─── SOURCE DATA

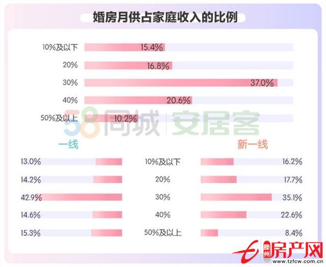 58安居客房產研究院調查顯示,男性愿意自己承擔首付,雙方共同還貸的占比超五成;作為新時代獨立女性的表現也絲毫不亞于男性,愿意共同負擔購房款的占比為37.3%。對于婚房的月供,有近六成的調研人群表示月還款額在家庭整體收入的30%-40%左右,一線城市中月供占收入50%以上的占比15.3%,可見要想過上舒適型生活月供占比不宜太高。
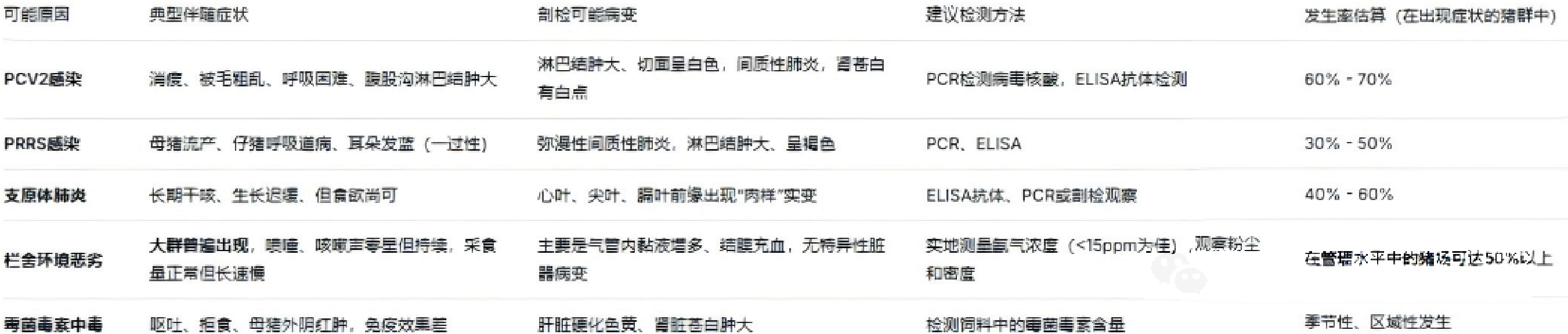 看其他症状:结合上表中的“典型伴随症状”进行判断。例如,同时有咳喘、消瘦,强烈指向PCV2或支原体。
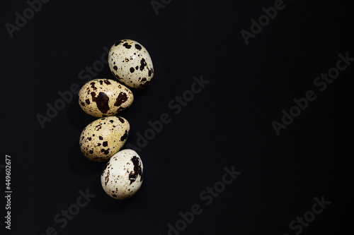 Obraz premium quail eggs on a black background with copy space
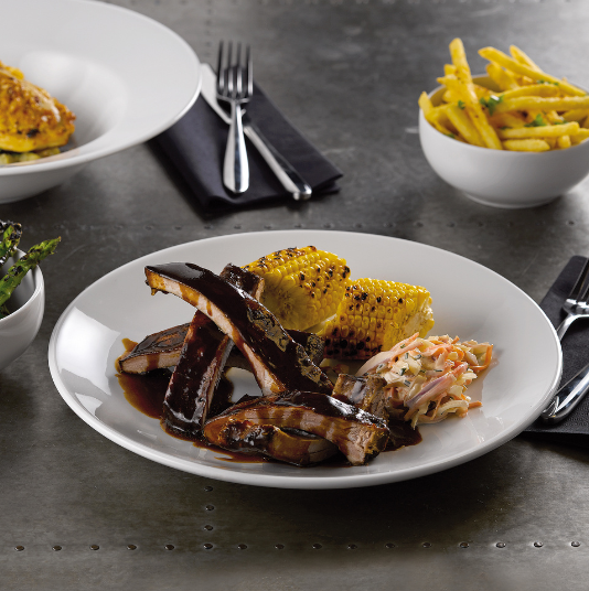 Featuring versatile shapes and signature pieces, Porcelite Standard is the go-to selection for displaying casual dining menus.
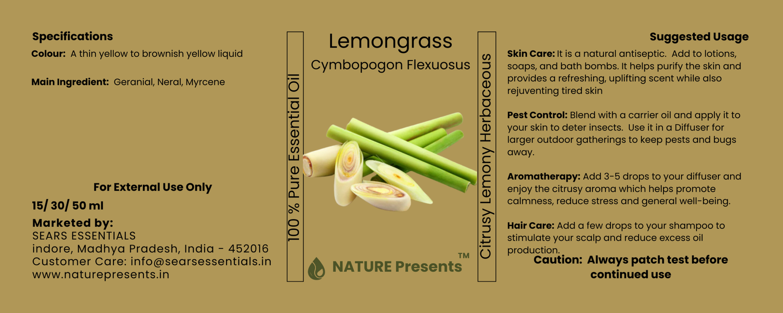 - Botanical Name: Cymbopogon citratus
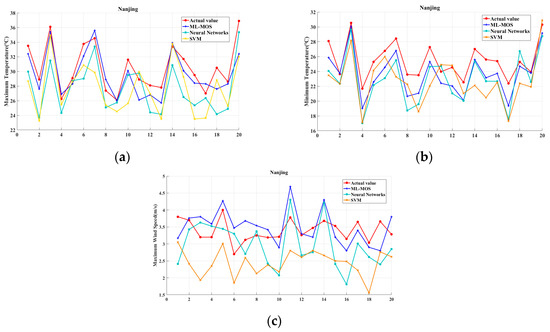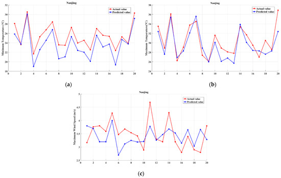 Comparison of actual and predicted values of Nanjing area (a) Tmax, (b) Tmin and (c) Wmax.

──────

**WORK INSTRUCTIONS:**
Every record above must be copied exactly; none of the pictures belong in the copy.

**TASK RESULT:**
 58安居客房產研究院調查顯示,男性愿意自己承擔首付,雙方共同還貸的占比超五成;作為新時代獨立女性的表現也絲毫不亞于男性,愿意共同負擔購房款的占比為37.3%。對于婚房的月供,有近六成的調研人群表示月還款額在家庭整體收入的30%-40%左右,一線城市中月供占收入50%以上的占比15.3%,可見要想過上舒適型生活月供占比不宜太高。
 看其他症状:结合上表中的“典型伴随症状”进行判断。例如,同时有咳喘、消瘦,强烈指向PCV2或支原体。
 Obraz premium quail eggs on a black background with copy space
 Featuring versatile shapes and signature pieces, Porcelite Standard is the go-to selection for displaying casual dining menus.
 - Botanical Name: Cymbopogon citratus
 Comparison of actual and predicted values of Nanjing area (a) Tmax, (b) Tmin and (c) Wmax.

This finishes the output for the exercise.